Le président “escorte à la sécurité”
Auparavant, le président Rajapaksa, sur la sellette depuis des mois, avait pris la fuite avant que plusieurs centaines de manifestants n’entrent dans le palais présidentiel, bâtiment symbolique habituellement réservé aux réceptions mais où il s’était installé en avril après l’attaque de son domicile privé. “Le président a été escorté en lieu sûr”, a indiqué à l’AFP une source de la défense. Les soldats qui gardaient la résidence officielle ont tiré en l’air pour empêcher les manifestants de s’approcher du palais jusqu’à ce qu’il soit évacué. Selon cette source, le président est monté à bord d’un navire militaire à destination des eaux territoriales du sud de l’île. Les chaînes de télévision locales ont montré des images de centaines de personnes escaladant les portes de son palais. Les manifestants ont ensuite diffusé des vidéos en direct sur les réseaux sociaux de la foule entrant, certains faisant la fête dans la piscine présidentielle ou les chambres. Les manifestants ont également occupé les bureaux présidentiels à proximité devant lesquels les manifestants avaient campé pendant trois mois. À l’intérieur de la maison présidentielle. #SriLanka #SriLankaProtests https://t.co/e49jeDIldv – Jamz5251 (@Jamila Husain)
Une crise sans précédent
Les manifestations appelant à la démission de M. Rajapaksa ont attiré des centaines de milliers de personnes samedi, les manifestants forçant même les autorités ferroviaires à les transporter par train alors que le pays manque d’essence. Trois personnes ont été blessées par balle lorsque la police a tenté de disperser la foule qui s’était rassemblée dans le quartier administratif de la capitale, à l’aide de plusieurs grenades lacrymogènes. Selon les autorités, environ 20 000 militaires et policiers avaient été envoyés à Colombo pour protéger le président.

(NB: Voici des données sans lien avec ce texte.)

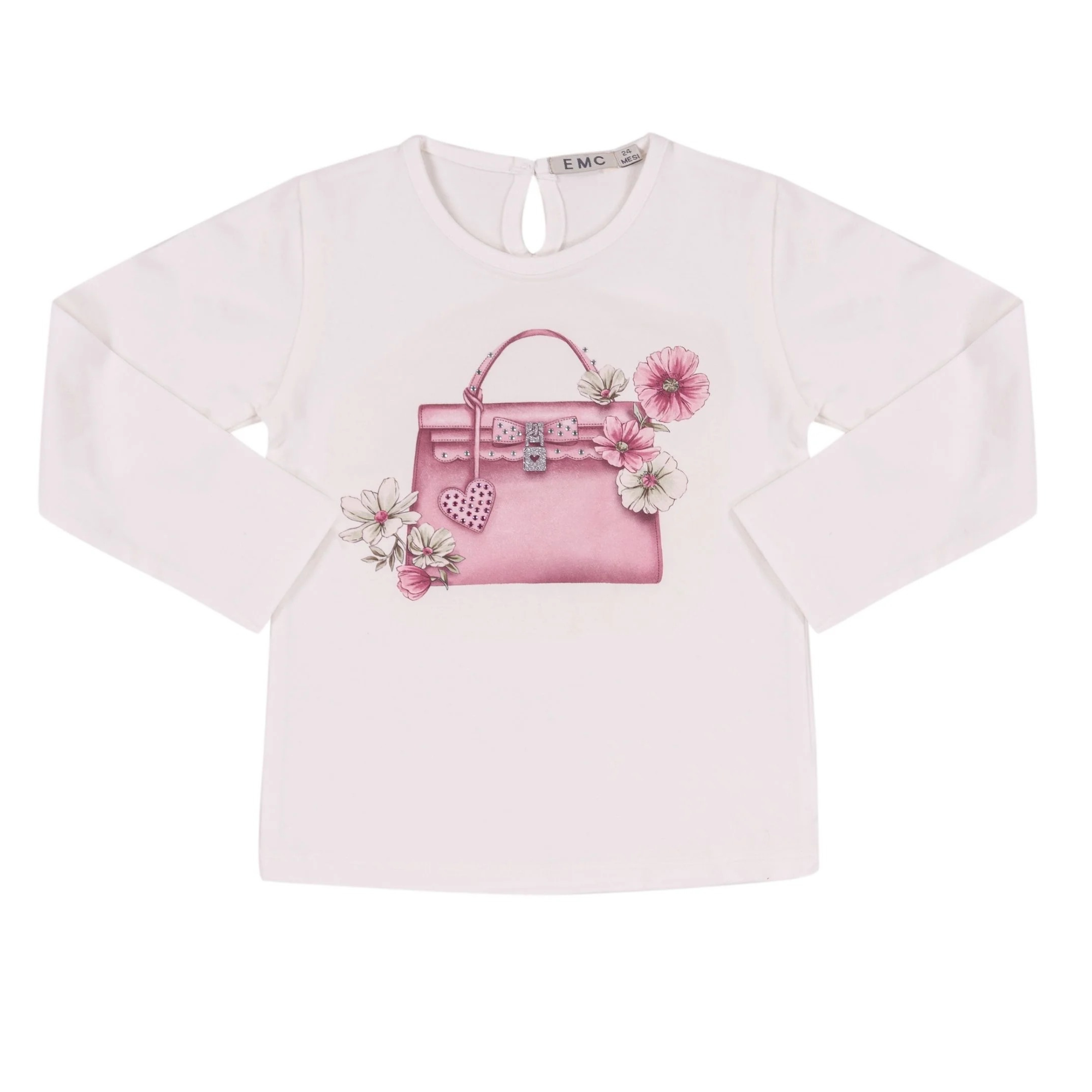 Ivory top for little girls by Everything Must Change, made in soft cotton jersey. It has a glittery pink handbag print on the front. There is a keyhole button fastening on the back.

Des manifestants nagent dans une piscine de la résidence officielle du président après l’avoir prise d’assaut, à Colombo, Sri Lanka, le 9 juillet 2022. AP
Autrefois pays à revenu intermédiaire avec un niveau de vie envié par l’Inde, le Sri Lanka a été dévasté par la perte de revenus touristiques à la suite d’une attaque djihadiste en 2019 et de la pandémie de Covid-19.

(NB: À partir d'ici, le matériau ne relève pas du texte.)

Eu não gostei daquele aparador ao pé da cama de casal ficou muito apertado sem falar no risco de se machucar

Lire aussi : L’article est pour nos abonnés Au Sri Lanka, la crise politique s’éloigne, la crise économique s’intensifie
La crise sans précédent depuis l’indépendance en 1948 pour cette île de 22 millions d’habitants a été exacerbée, disent les économistes, par une série de mauvaises décisions politiques. La course présidentielle, au pouvoir depuis 2005, est tenue pour responsable de cette situation par la population.

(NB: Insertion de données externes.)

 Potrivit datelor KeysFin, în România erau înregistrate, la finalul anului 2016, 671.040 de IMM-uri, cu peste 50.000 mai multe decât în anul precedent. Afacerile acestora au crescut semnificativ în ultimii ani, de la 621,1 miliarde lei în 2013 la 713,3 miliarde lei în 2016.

Inflation galopante, pénuries, le Sri Lanka n’a pas tout : essence, électricité, nourriture, médicaments. Le pays négocie un plan de sauvetage avec le Fonds monétaire international (FMI), qui pourrait imposer des augmentations d’impôts. Les Nations Unies estiment qu’environ 80% de la population ne peut pas se permettre trois repas par jour.